What to produce: The line containing "- Vamos começar" marks the start of the required copy, which runs to the final line of the entries; return those lines exactly, without any pictures.

Raw data:
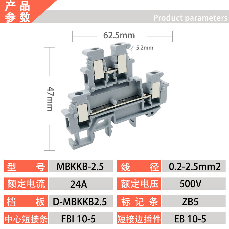 MBKKB2 5 Twin Layer Terminal Terminal Pure Copper UK Rail Rail 2 out 0 5-2 5 square terminal row
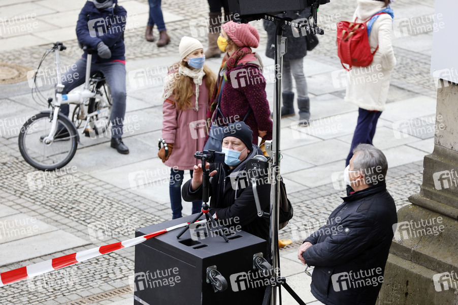 Unter dem Motto 'Gemeinsam in eine lebendige Zukunft' findet ein multikultureller Frauenmarsch vom Brandenburger Tor über das Rote Rathaus zum Gendarmenmarkt statt. Berlin, 28.02.2021
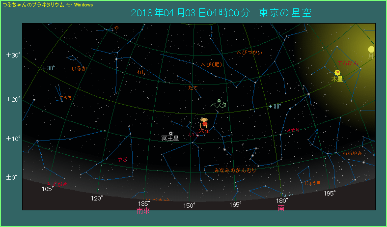 接近の間隔は朝4時の場合、4月2日だと1.3度です。4月3日も同じ1.3度ですが、4月3日の方が3分角(=0.05度)だけ近くなります。
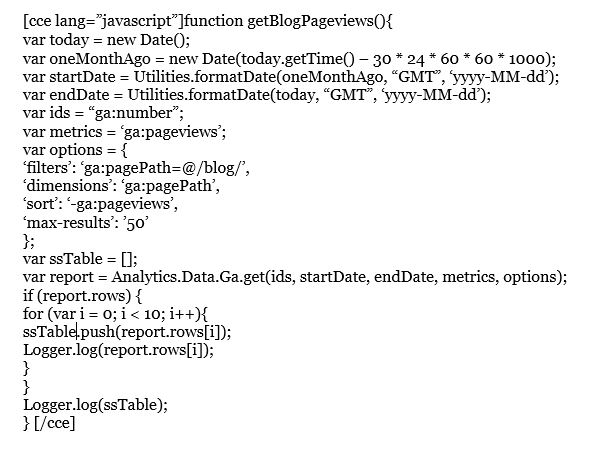 - Vamos começar utilizando a API do Google Analytics. Você pode acessá-la aqui: https://developers.google.com/apps-script/advanced/analytics .
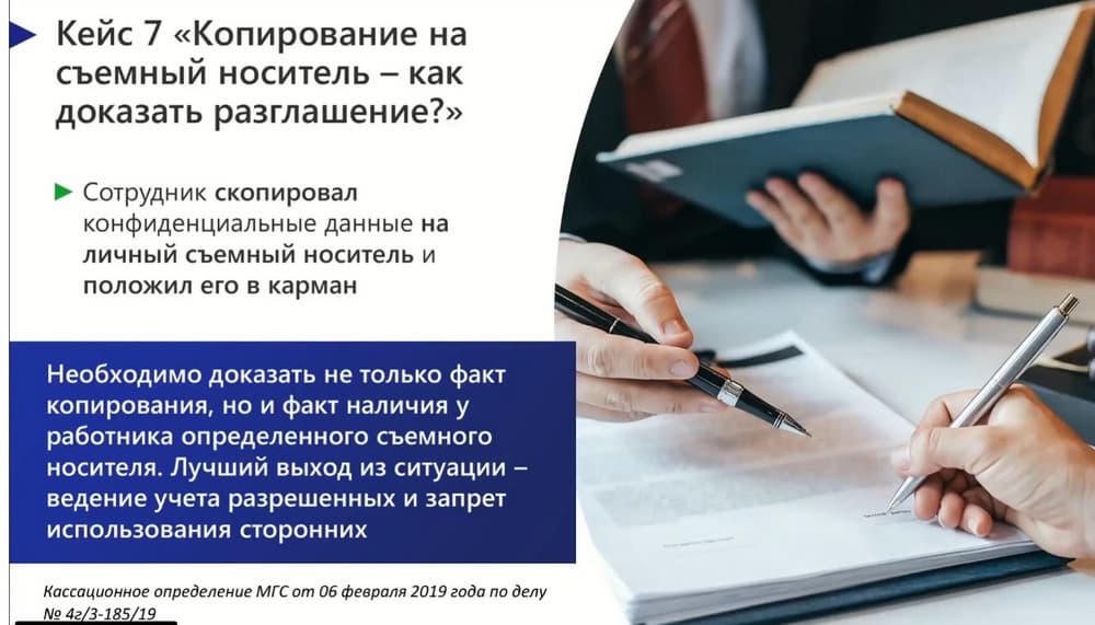 Как правило доказывают сам факт передачи информации на съемный носитель логами системы и суду это не всегда понятно.
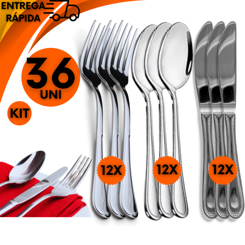Kit Jogo 36 Talher Inox Qualidade Garantida 12 Colher 12 Faca 12 Garfo Cozinha Restaurante Buffet Qualidade Resistência
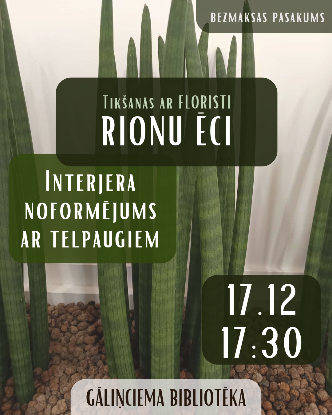 Interjera noformējums ar telpaugiem. Tikšanās ar floristi Rionu Ēci, sarunas par telpaugiem.
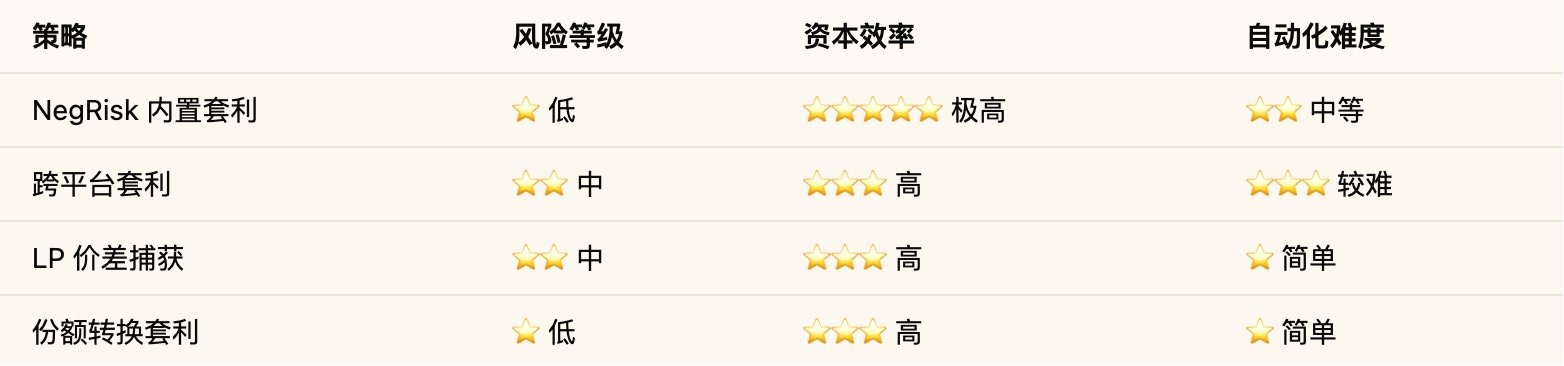 预测市场套利的本质是把市场低效转化为确定性收益。四种策略各有适用场景:
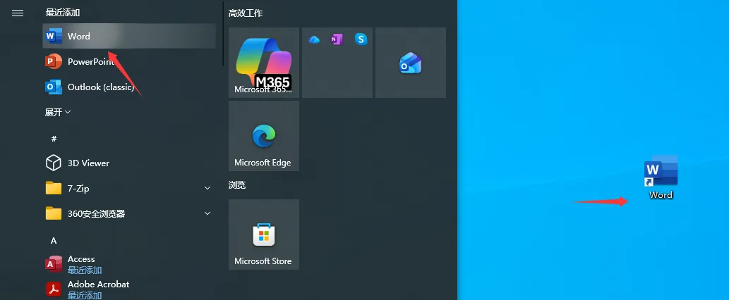 15:我们点击电脑的开始菜单栏,会提示最近添加的程序,在Office word上鼠标左键拖拽到桌面,即可创建word桌面快捷方式

Result of the task:
 - Vamos começar utilizando a API do Google Analytics. Você pode acessá-la aqui: https://developers.google.com/apps-script/advanced/analytics .
 Как правило доказывают сам факт передачи информации на съемный носитель логами системы и суду это не всегда понятно.
Kit Jogo 36 Talher Inox Qualidade Garantida 12 Colher 12 Faca 12 Garfo Cozinha Restaurante Buffet Qualidade Resistência
 Interjera noformējums ar telpaugiem. Tikšanās ar floristi Rionu Ēci, sarunas par telpaugiem.
 预测市场套利的本质是把市场低效转化为确定性收益。四种策略各有适用场景:
 15:我们点击电脑的开始菜单栏,会提示最近添加的程序,在Office word上鼠标左键拖拽到桌面,即可创建word桌面快捷方式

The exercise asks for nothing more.